Here it is now some sixteen years since I graduated grade 13 and that taste in my mouth has strengthened. I know who I am now and I am aware of what life is all about. That gnawing little bastard intangible is the acting bug, and I want to catch it full force. I don't mean Hollywood or Broadway or God forbid the CBC. (Just kidding, of course. The CBC is great, whenever it gets some pence, er, annual budget alloted by the government.) I'd be perfectly happy in a community theatre, tossing out a couple of plays a year.

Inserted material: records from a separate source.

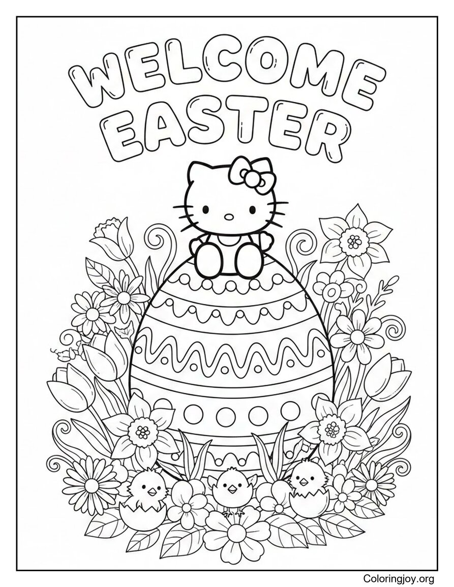 This Hello Kitty Giant Egg Welcome Easter coloring page is available as a JPG file (127 KB) and a high-quality PDF version (524 KB). Download and print it for free, or explore more Hello Kitty Easter coloring pages in the same category.
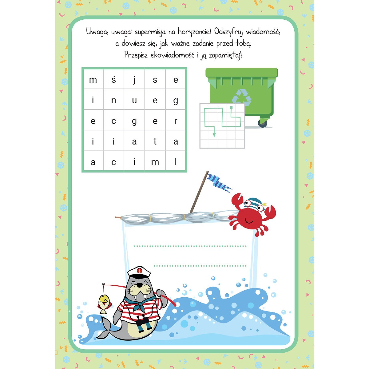 Niezbędnik każdego ekobohatera! W walce o dobro planety nie jesteś sam – u twojego boku stają ekozwierzaki. Zebrane przez nie ekozasady i ekozabawy uwrażliwiają na delikatność przyrody, przestrzegają przed nieodwracalnością zmian i pokazują, jak dbać o środowisko w myśl zasady: odpowiednio wrzucaj – byle gdzie nie wyrzucaj!
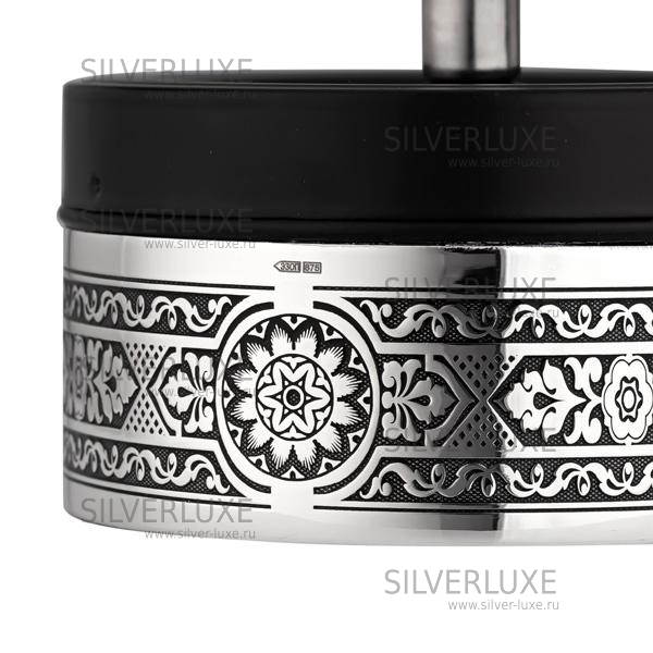 Корпус из серебра 875 пробы, механизм крышки нажимной, из стали. Крышка пепельницы имеет три углубления для сигарет и специальный поворотный механизм, при помощи которого пепел стряхивается в контейнер. Достаточно просто нажать на верх пепельницы и механизм сработает.Подарочная пепельница сувенир с нажимнымной очисткой позволит вам всегда иметь под рукой чистую и пустую пепельницу, а так же не дышать неприятным запахом от окурков и пепла. За счёт крутящегося механизма окурки и пепел бережно сбрасываются внутрь изделия, что избавляет помещение от мусора и неприятного табачного запаха.Легко чистится и моется. Плотное прилегание особой крышки гарантирует чистоту даже при опрокидывании пепельницы. Пепельница дымоуловитель будет оригинально смотреться в любом интерьере. Чтобы не портить здоровье некурящих людей, особенно детей и женщин, бездымная пепельница наилучший выход.
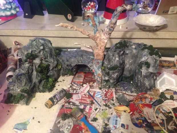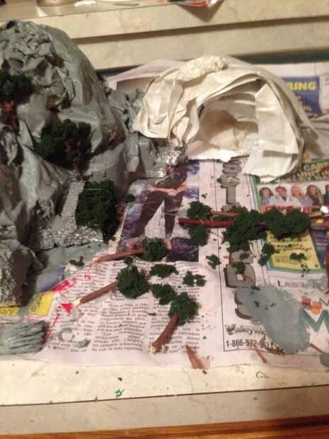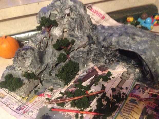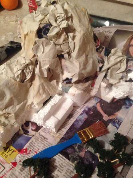 Mezclar la mezcla de papel maché, empezar por desmoronando por su papel... Introducirlo en la mezcla y acumulan en la espuma de poliestireno, enloquecer o mantenerlo simple, es realmente suya, hice 3" rock-como" estructuras incluyendo una pequeña cueva que hice simplemente haciendo un boca "u" y colocarlo con un montón de la mezcla y moldeo comenzó mediante la adición de un montón de capas,
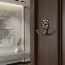 Vešiak VERDI MINI v povrchovej úprave staromosadz je elegantným riešením pre všetkých, ktorí chcú vniesť do interiéru historizujúci alebo vintage nádych aj na menších prvkoch. Jeho reliéfne zdobenie a prepracované detaily pripomínajú klasické remeselné spracovanie, vďaka čomu pôsobí ako malý umelecký doplnok.
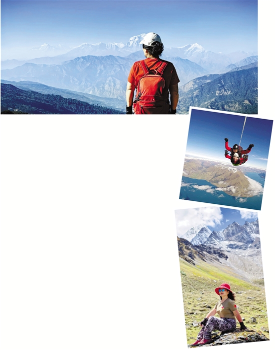 (图片由上至下)张小玲在尼泊尔徒步旅行;在新西兰跳伞;在丽江徒步旅行。 受访者供图
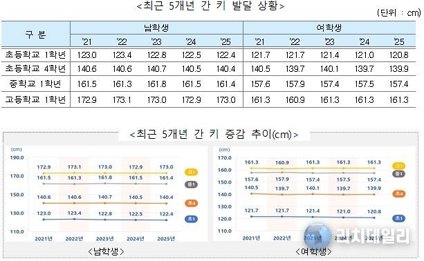 키 발달 상황을 보면, 남학생의 경우 초등학교 1학년은 122.4cm, 4학년은 140.4cm, 중학교 1학년은 161.4cm, 고등학교 1학년은 173.0cm이다. 여학생의 경우 초등학교 1학년은 120.8cm, 4학년은 139.9cm, 중학교 1학년은 157.4cm, 고등학교 1학년은 161.3cm로 남·여 학생 모두 이전 연도와 유사했다.

I am going to see what there is available for an inexperienced schmuck like me. The worst that can happen is that I'm told I stink like a limberger-farting skunk and that I should never set foot on a stage again, lest I receive death threats.
I'd love to put on a production of Rosencrantz And Guildenstern Are Dead, by Tom Stoppard. Saw the movie adaptation of it, thought it was a rather dark. I'd do it much more farcical. It's a damn funny play. We studied it in Grade 13 English. My friend Andrew (a tall burly Scotsman) read the part of Rosencrantz and I (at the time a skinny twerp) read Guildenstern. We had the whole class and the teacher in stitches each day that we read from it. We stood at the front of the room and acted out the various scenes; we improvised some of the physical comedy; it was a hoot.
The feeling that I had when we were 'performing' the play - that's the gnawing little bastard.